▸ Data records
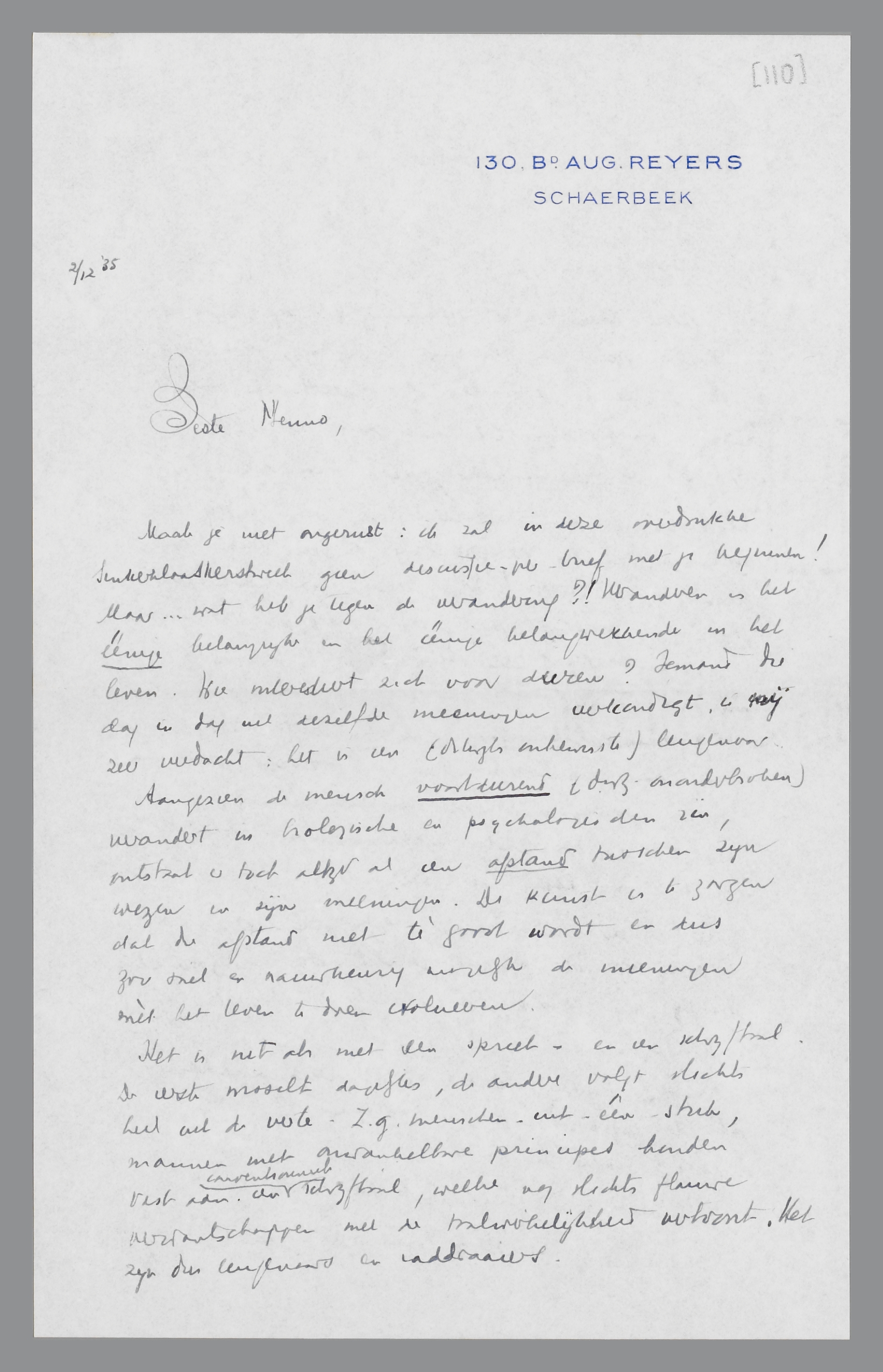 Maak je niet ongerust: ik zal in deze overdrukke Sinterklaaskerstweek geen discussie-per-brief met je beginnen! Maar... wat heb je tegen de verandering?! Veranderen is het éénige belangrijke en het éénige belangwekkende in het leven. Wie interesseert zich voor dieren? Iemand die dag in dag uit dezelfde meeningen verkondigt is mij zeer verdacht: het is een (dikwijls onbewuste) leugenaar.
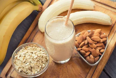 Делаем простое и полезное смузи с ребенком🥤 Ингредиенты на 2 порции: молоко – 200 мл банан – 1 шт. овсяные хлопья – 60 г корица – 3 г сахар – 10 г Измельчаем хлопья, добавляем остальные ингредиент
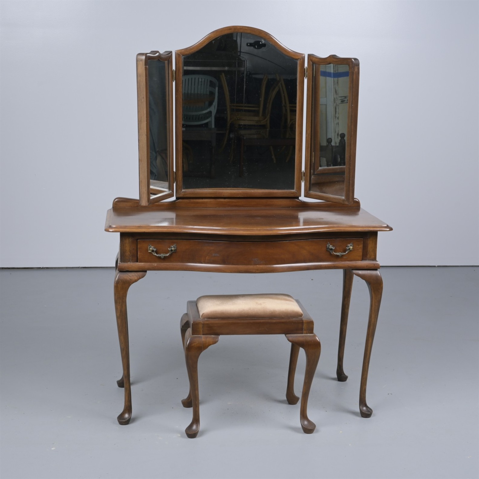 A MID-20th CENTURY MAHOGANY DRESSING MIRROR WITH A STOOL (148CM H X 106CM W X 46CM D)
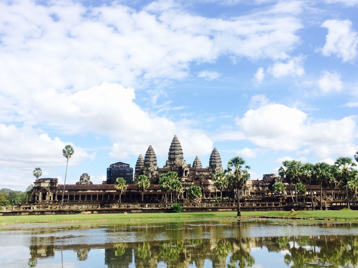 水面に映る逆さアンコールワットと空の青さ、素晴らしいの一言です。
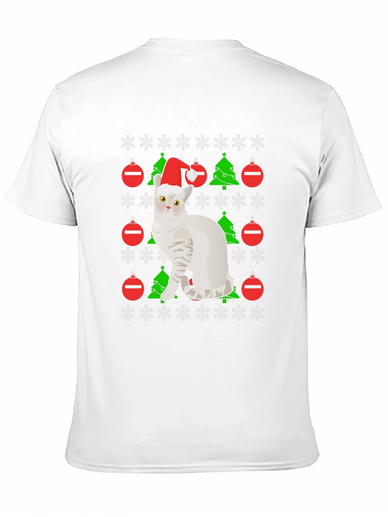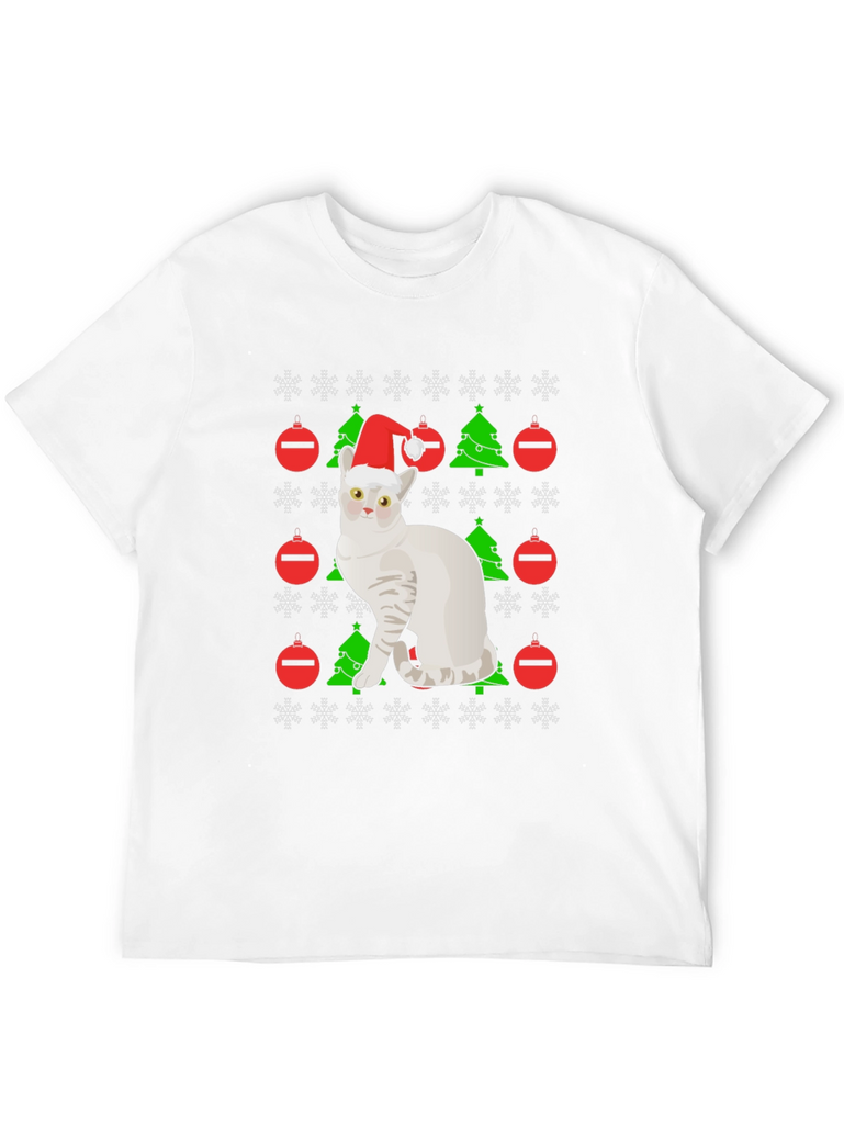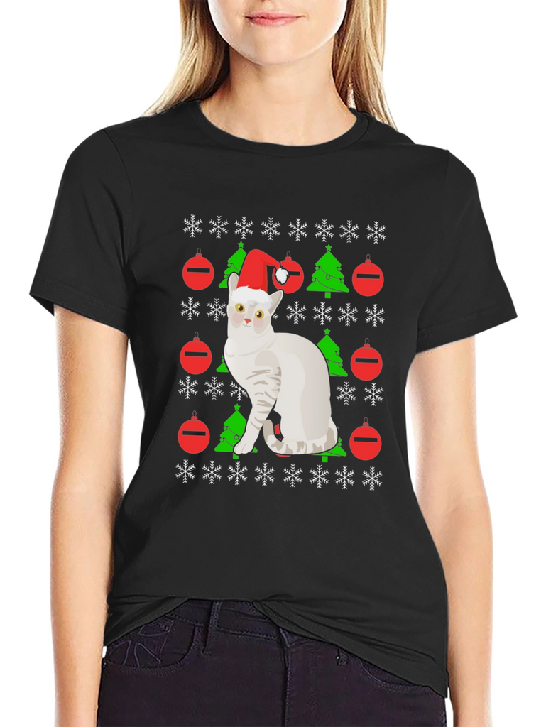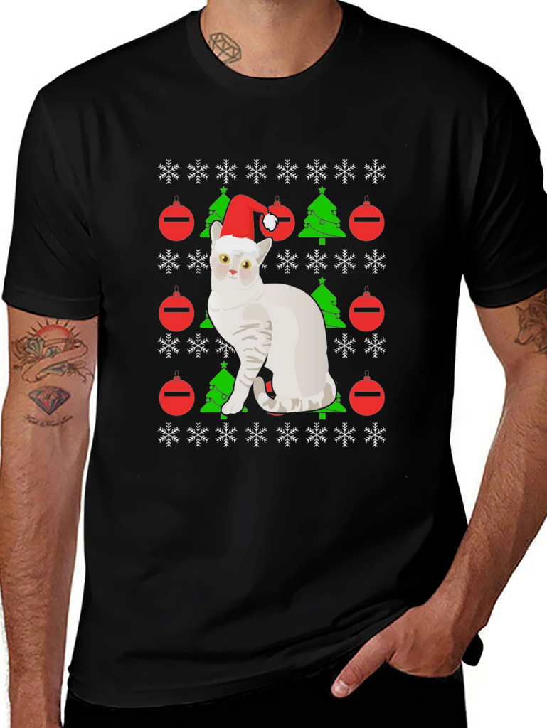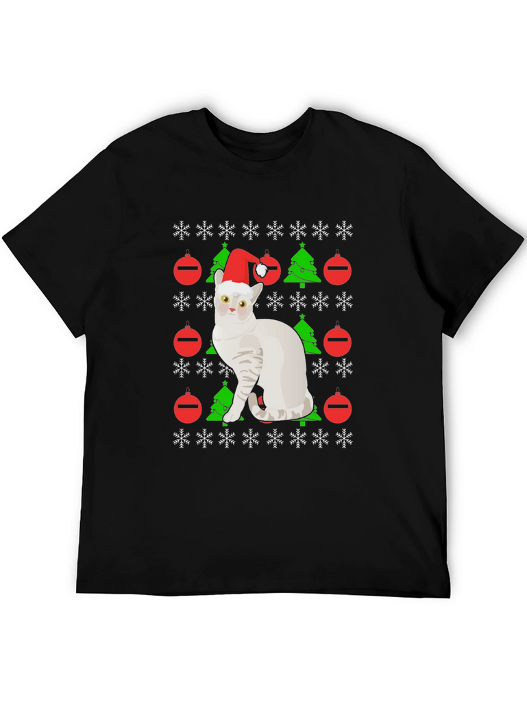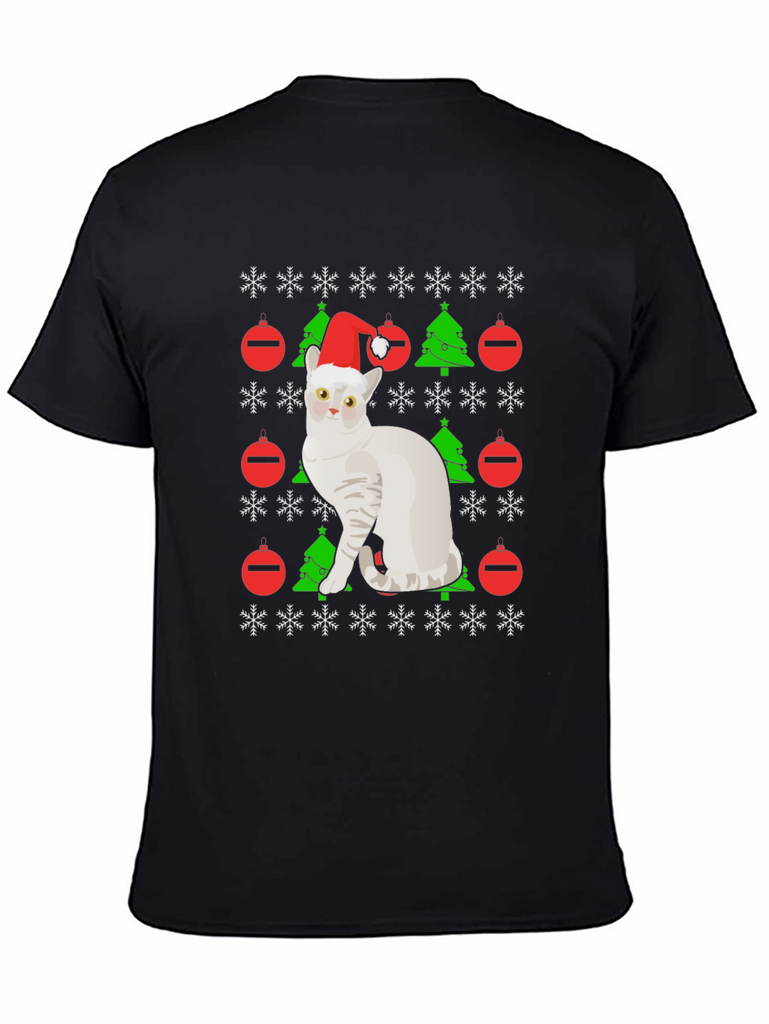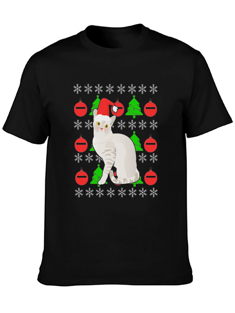 Get festive with this fun t-shirt! This black short-sleeved tee features a unique holiday-themed design. A white cat wearing a Santa hat is front and center, surrounded by snowflakes, Christmas trees, and ornaments. The design offers a playful take on the classic ugly Christmas sweater. Made from a comfortable-looking material, this shirt is perfect for holiday parties, casual gatherings, or just showing off your Christmas spirit. A fun and unique piece to add to your wardrobe!

▸ Exercise brief
Reproduce all of the data exactly, omitting each picture it holds.

▸ Result
 Maak je niet ongerust: ik zal in deze overdrukke Sinterklaaskerstweek geen discussie-per-brief met je beginnen! Maar... wat heb je tegen de verandering?! Veranderen is het éénige belangrijke en het éénige belangwekkende in het leven. Wie interesseert zich voor dieren? Iemand die dag in dag uit dezelfde meeningen verkondigt is mij zeer verdacht: het is een (dikwijls onbewuste) leugenaar.
 Делаем простое и полезное смузи с ребенком🥤 Ингредиенты на 2 порции: молоко – 200 мл банан – 1 шт. овсяные хлопья – 60 г корица – 3 г сахар – 10 г Измельчаем хлопья, добавляем остальные ингредиент
 A MID-20th CENTURY MAHOGANY DRESSING MIRROR WITH A STOOL (148CM H X 106CM W X 46CM D)
 水面に映る逆さアンコールワットと空の青さ、素晴らしいの一言です。
 Get festive with this fun t-shirt! This black short-sleeved tee features a unique holiday-themed design. A white cat wearing a Santa hat is front and center, surrounded by snowflakes, Christmas trees, and ornaments. The design offers a playful take on the classic ugly Christmas sweater. Made from a comfortable-looking material, this shirt is perfect for holiday parties, casual gatherings, or just showing off your Christmas spirit. A fun and unique piece to add to your wardrobe!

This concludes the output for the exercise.